In rendering the opinions expressed below, we have examined an executed counterpart of the Credit Agreement. In our examination, we have assumed the genuineness of all signatures, the authenticity of all documents submitted to us as originals and the conformity with authentic original documents of all documents submitted to us as copies. When relevant facts were not independently established, we have relied upon representations made in or pursuant to the Credit Agreement.

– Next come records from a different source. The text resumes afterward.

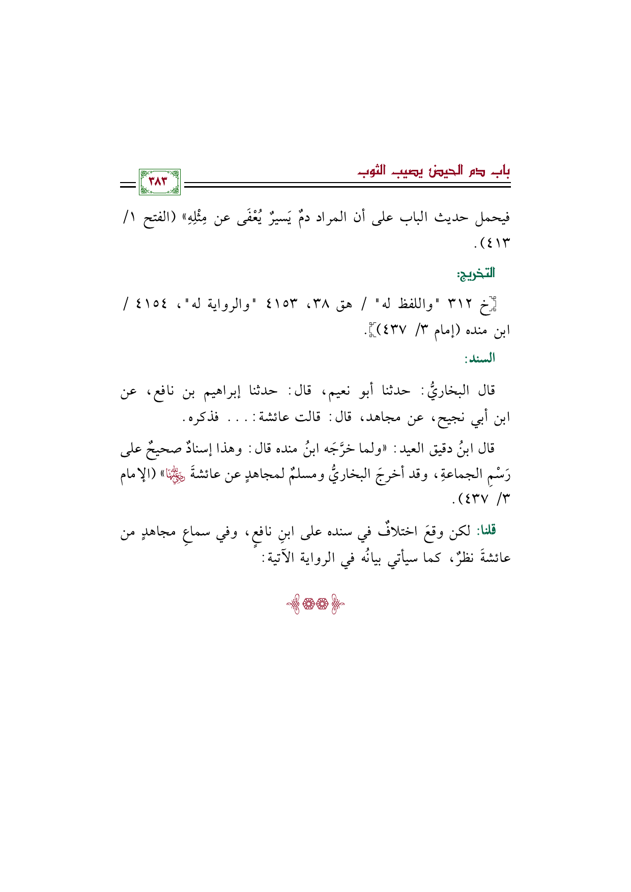 قال ابنُ دقيق العيد: ((ولما خرَّجَه ابنُ منده قال: وهذا إسنادٌ صحيحٌ على رَسْمِ الجماعةِ، وقد أخرجَ البخاريُّ ومسلمٌ لمجاهدٍ عن عائشةَ رضي الله عنها)) (الإمام ٣/ ٤٣٧).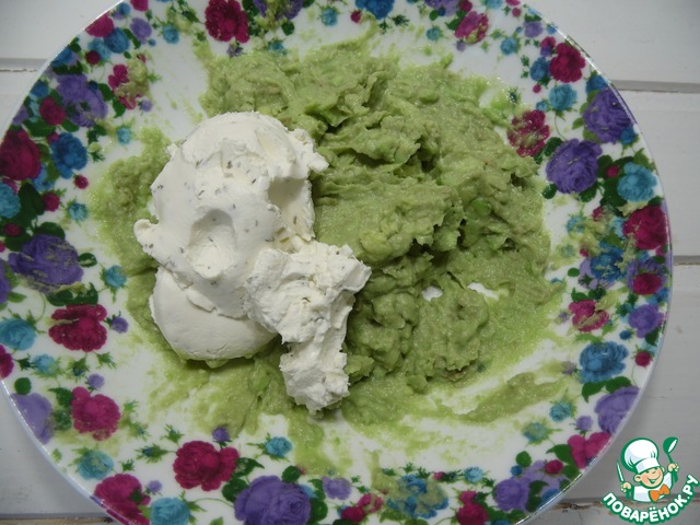 Горошек отварить в кипящей подсоленной воде, остудить. Вместе с авокадо пюрировать блендером. Добавить творожный сыр, все хорошо перемешать.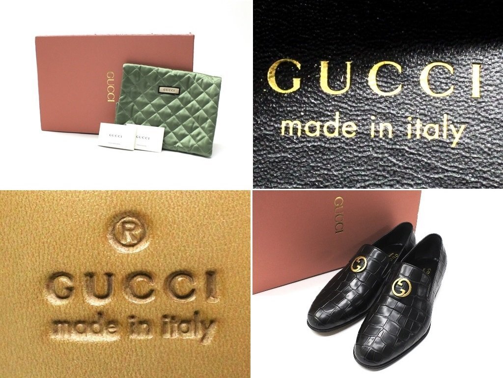 115万新品◆8H=27.5cm◆GUCCIグッチ GGゴールドロゴ 最高級クロコレザーローファーシューズ 黒ブラック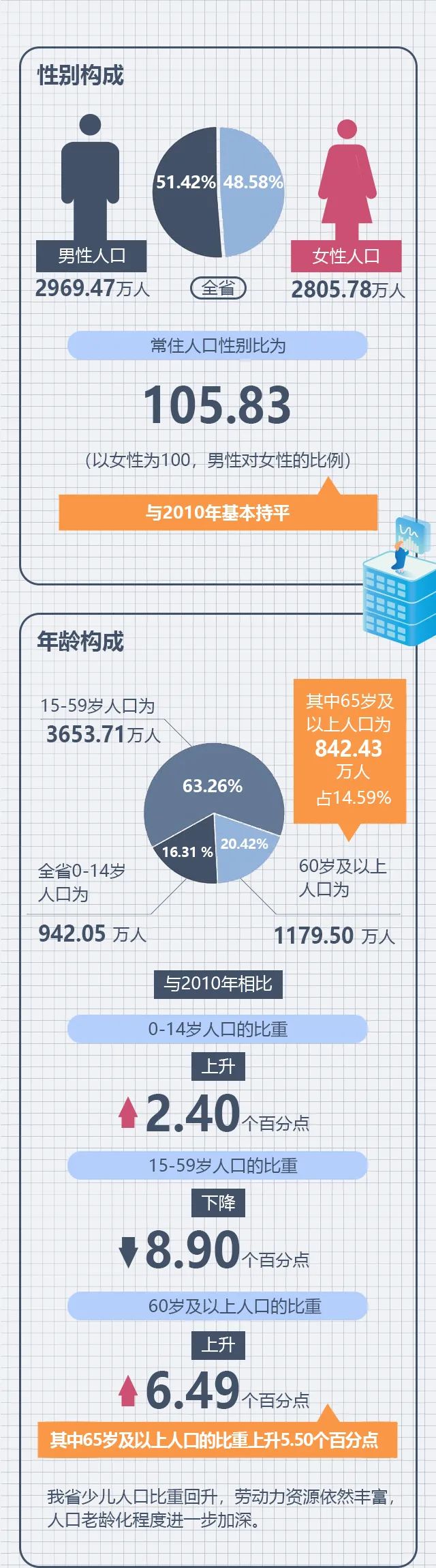 (四)性别构成。全省男性人口为2969.47万人,占51.42%;女性人口为2805.78万人,占48.58%。常住人口性别比(以女性为100,男性对女性的比例)为105.83,与2010年基本持平。
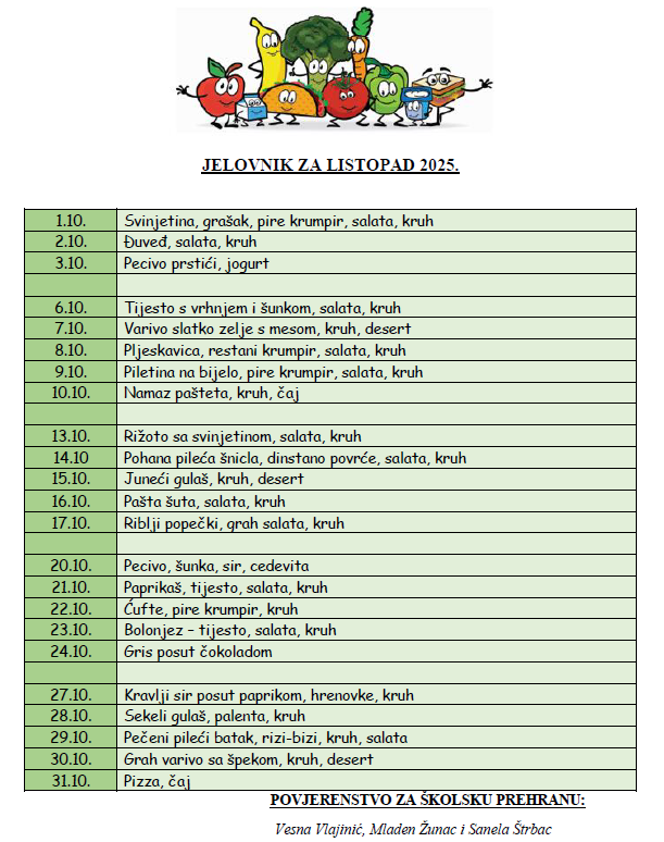 JELOVNIK Školska godina 2025./2026. JELOVNIK ZA LISTOPAD Školsko PovjerenstvO VESNA VLAJINIĆ Mladen Žunac PETRA POREDSKI ŠKOLSKE KUHARICE: JASNA OŽBOLT KSENIJA DEMŠIĆ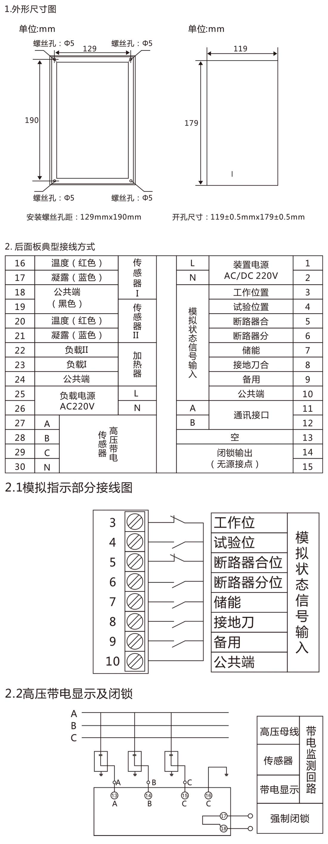 它集成了一次回路模拟图显示、断路器位置、手车位置或隔离刀位置、接地闸刀位置、弹簧储能位置、高压带电指示高压带电闭锁控制以及自动(手动)加热除湿控制等多功能于一体,这些指示功能可分可合,用户可根据需要选择。只要指定不同的订货型号并提供一次方案图即可。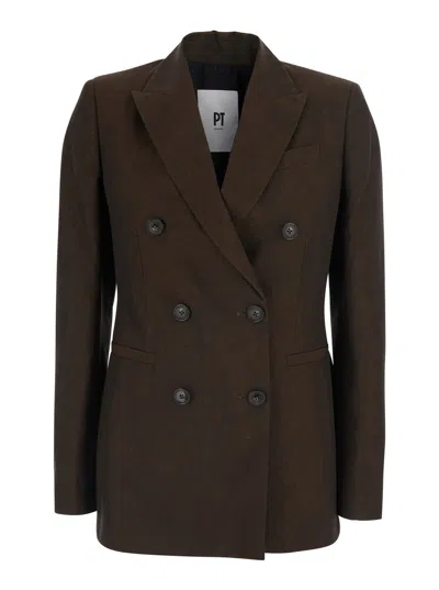 Romy Linen And Cotton Fine Plain Weave Brown Light Jacket With Front Closure And Side Pockets In Ble In Burgundy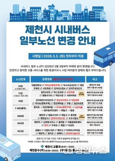 정안뉴스 황은경 기자 | 제천시는 시민들의 대중교통 이용 편의를 개선하고 변화된 지역 교통 환경을 반영하기 위해 3월 3일 첫차부터 시내버스 일부 노선을 개편해 운행한다고 밝혔다.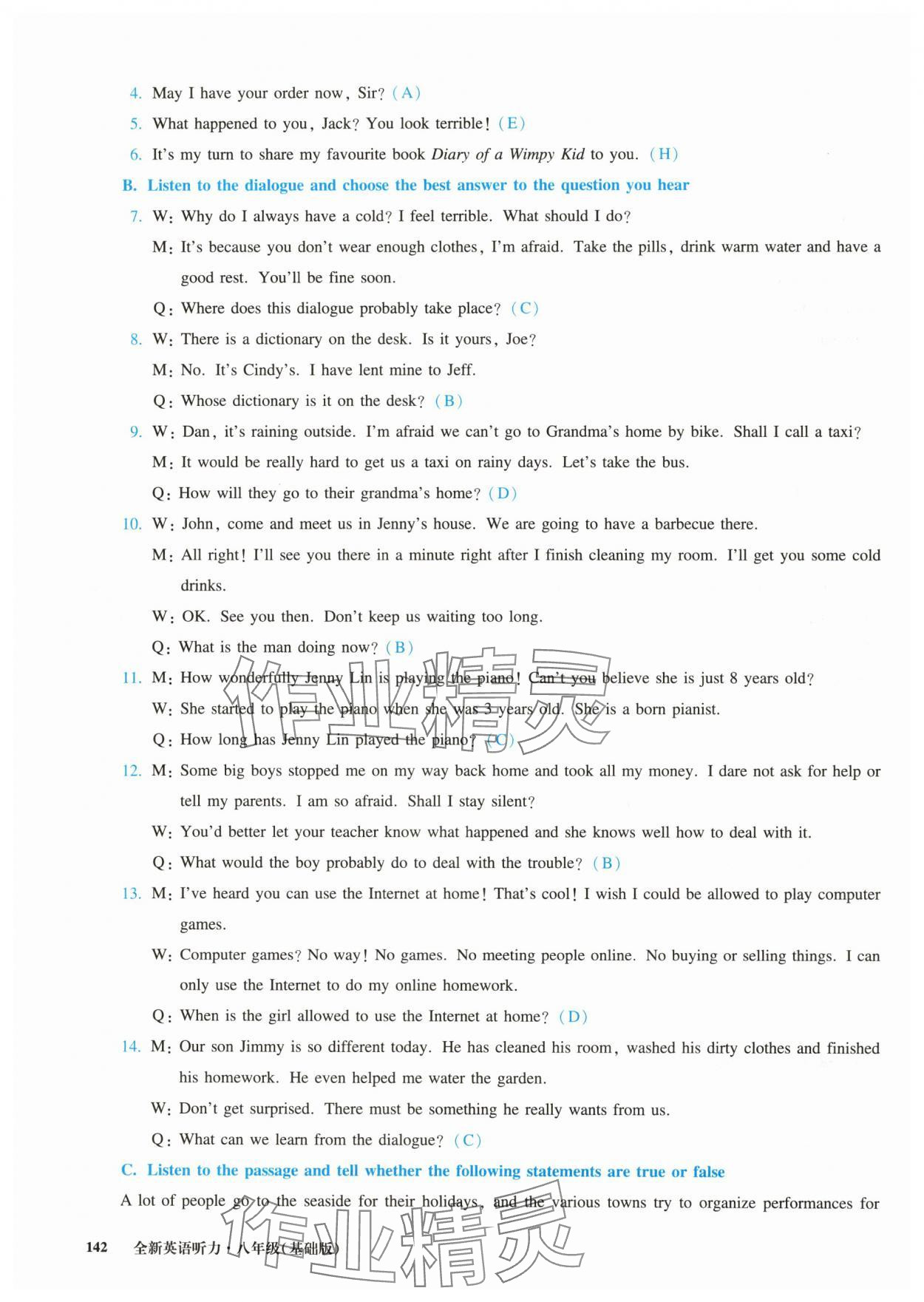 注:目前有些书本章节名称可能整理的还不是很完善,但都是按照顺序排列的,请同学们按照顺序仔细查找。练习册 2024年全新英语听力八年级上册沪教版五四制 答案主要是用来给同学们做完题方便对答案用的,请勿直接抄袭。

We have assumed that the Credit Agreement has been duly authorized, executed and delivered by, and (except, to the extent set forth below, as to the Borrower) constitutes a legal, valid, binding and enforceable obligation of, all of the parties thereto, that all signatories thereto have been duly authorized and that all such parties are duly organized and validly existing and have the power and authority (corporate or other) to execute, deliver and perform the same.
Based upon and subject to the foregoing and subject also to the comments and qualifications set forth below, and having considered such questions of law as we have deemed necessary as a basis for the opinions expressed below, we are of the opinion that the Credit Agreement constitutes the legal, valid and binding obligation of the Borrower, enforceable against the Borrower in accordance with its terms, except as may be limited by bankruptcy, insolvency, reorganization, fraudulent conveyance or transfer, moratorium or other similar laws relating to or affecting the rights of creditors generally and except as the enforceability of the Credit Agreement is subject to the application of general principles of equity (regardless of whether considered in a proceeding in equity or at law), including (a) the possible unavailability of specific performance, injunctive relief or any other equitable remedy and (b) concepts of materiality, reasonableness, good faith and fair dealing.
Opinion of Special New York Counsel to JPMCB
The foregoing opinions are subject to the following comments and qualifications:
(A) The enforceability of Section 9.03 of the Credit Agreement may be limited by laws limiting the enforceability of provisions exculpating or exempting a party from, or requiring indemnification of a party for, liability for its own action or inaction, to the extent the action or inaction involves gross negligence, recklessness, willful misconduct or unlawful conduct.
(B) The enforceability of provisions in the Credit Agreement to the effect that terms may not be waived or modified except in writing may be limited under certain circumstances.
(C) We express no opinion as to (i) the effect of the laws of any jurisdiction in which any Lender is located (other than the State of New York) that limit the interest, fees or other charges it may impose for the loan or use of money or other credit, (ii) the last sentence of Section 2.15(d) of the Credit Agreement, (iii) Section 9.08 of the Credit Agreement, (iv) the first sentence of Section 9.09(b) of the Credit Agreement, insofar as such sentence relates to the subject-matter jurisdiction of the United States District Court for the Southern District of New York to adjudicate any controversy related to the Credit Agreement or (v) the waiver of inconvenient forum set forth in Section 9.09(c) of the Credit Agreement with respect to proceedings in the United States District Court for the Southern District of New York.
The foregoing opinions are limited to matters involving the Federal laws of the United States of America and the law of the State of New York, and we do not express any opinion as to the laws of any other jurisdiction.
At the request of our client, this opinion letter is, pursuant to Section 4.01(c) of the Credit Agreement, provided to you by us in our capacity as special New York counsel to JPMCB and may not be relied upon by any Person for any purpose other than in connection with the transactions contemplated by the Credit Agreement without, in each instance, our prior written consent.